We will use 8 different structuring elements that will detect edges in 8 different positions, one for every 45 degrees turn. But it won’t be enough if we apply this sequence only once. We need to go through this sequence multiple times, in order to reach convergence.
Convergence simply represents, when we no longer apply anymore changes to the image.

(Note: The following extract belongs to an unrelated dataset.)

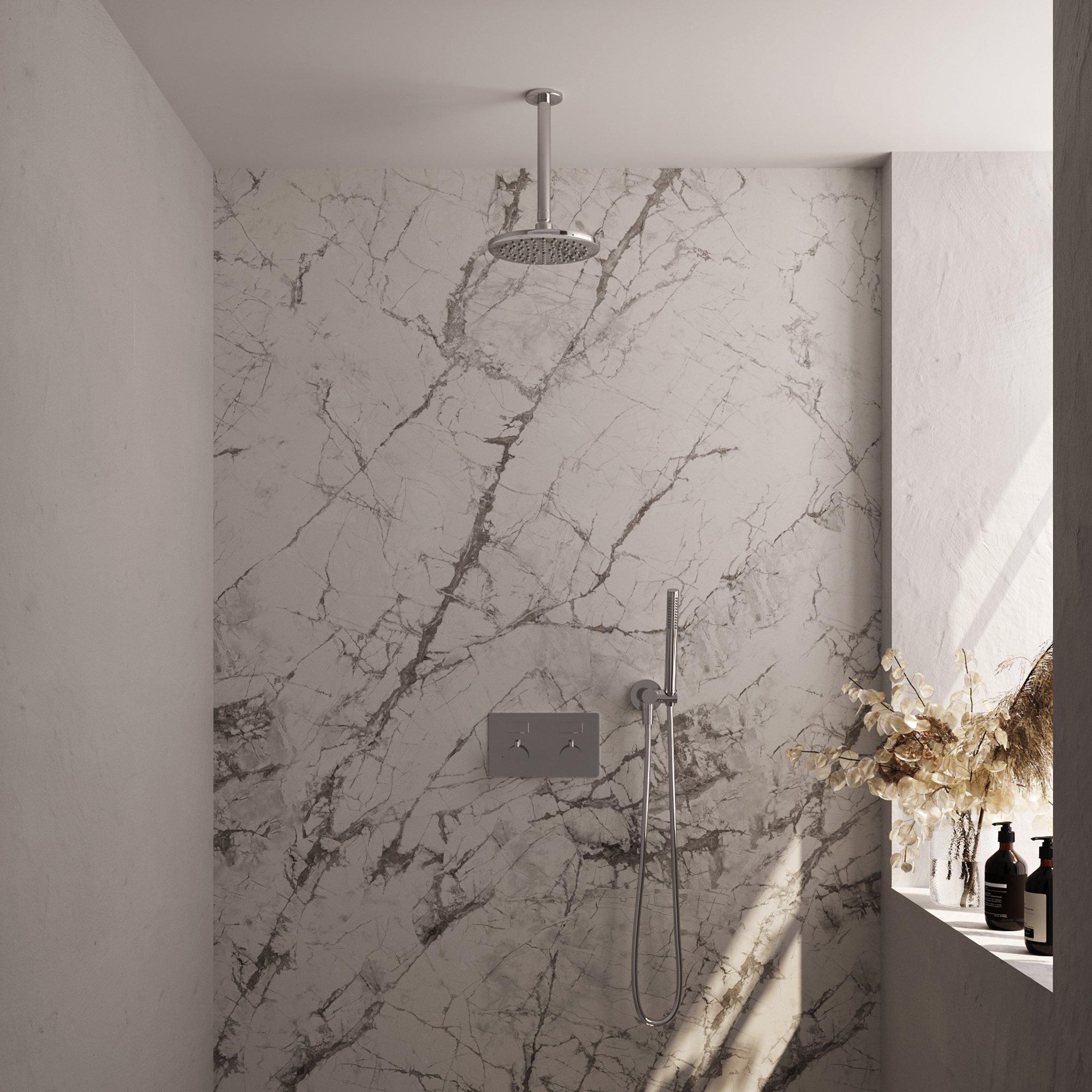 BRAUER Chrome Edition Thermostatische Regendouche inbouw - drukknoppen - SET 53 - 20cm hoofddouche - plafondarm - staaf handdouche - doucheslang - wandaansluitbocht - chroom

This way the results of thinning are usually just lines that briefly represent the objects.
I’ve written a function that applies this operation to a binary image. However, the structuring elements that I used in it, are just two dimensional arrays of 1s and 0s. But in any case, I’ll leave a link to the whole demo project at the end of the post.
public static Bitmap Thinning(this Bitmap image)
{
int w = image.Width;
int h = image.Height;
BitmapData image_data = image.LockBits(
new Rectangle(0, 0, w, h),
ImageLockMode.ReadOnly,
PixelFormat.Format8bppIndexed);
int bytes = image_data.Stride * image_data.Height;
byte[] buffer = new byte[bytes];
Marshal.Copy(image_data.Scan0, buffer, 0, bytes);
image.UnlockBits(image_data);
int[][,] se =
{
Structuring_Element.left,
Structuring_Element.topleft,
Structuring_Element.top,
Structuring_Element.topright,
Structuring_Element.right,
Structuring_Element.bottomright,
Structuring_Element.bottom,
Structuring_Element.bottomleft
};
int diff = 1;
while (diff > 0)
{
diff = 0;
for (int i = 0; i < se.Length; i++)
{
for (int x = 1; x < w - 1; x++)
{
for (int y = 1; y < h - 1; y++)
{
int position = x + y * image_data.Stride;
List<bool> change = new List<bool>();
for (int kx = -1; kx < 2; kx++)
{
for (int ky = -1; ky < 2; ky++)
{
int se_pos = position + kx + ky * image_data.Stride;
int se_opp = position + (kx * -1) + (ky * -1) * image_data.Stride;
if (se_pos == position)
{
continue;
}
if (buffer[se_pos] > 0 && se[i][kx+1,ky+1] == 1 && buffer[se_opp] == 0 && se[i][(kx* -1) + 1, (ky*-1) + 1] == 0)
{
change.Add(true);
}
}
}
if (change.Count == 3 && buffer[position] > 0)
{
buffer[position] = 0;
diff++;
}
}
}
}
}
Bitmap res_img = new Bitmap(w, h);
BitmapData res_data = res_img.LockBits(
new Rectangle(0, 0, w, h),
ImageLockMode.WriteOnly,
PixelFormat.Format8bppIndexed);
Marshal.Copy(buffer, 0, res_data.Scan0, bytes);
res_img.UnlockBits(res_data);
return res_img;
}
Thinning is a process, where I included elements from other morphological operations. It serves as a sor of stepping stone to a better understanding of processes I’ll cover in the future.
I hope this guide was helpful and I’m also including the link to the whole demo project, which you can try it out yourself. Just remember to use binary images with it.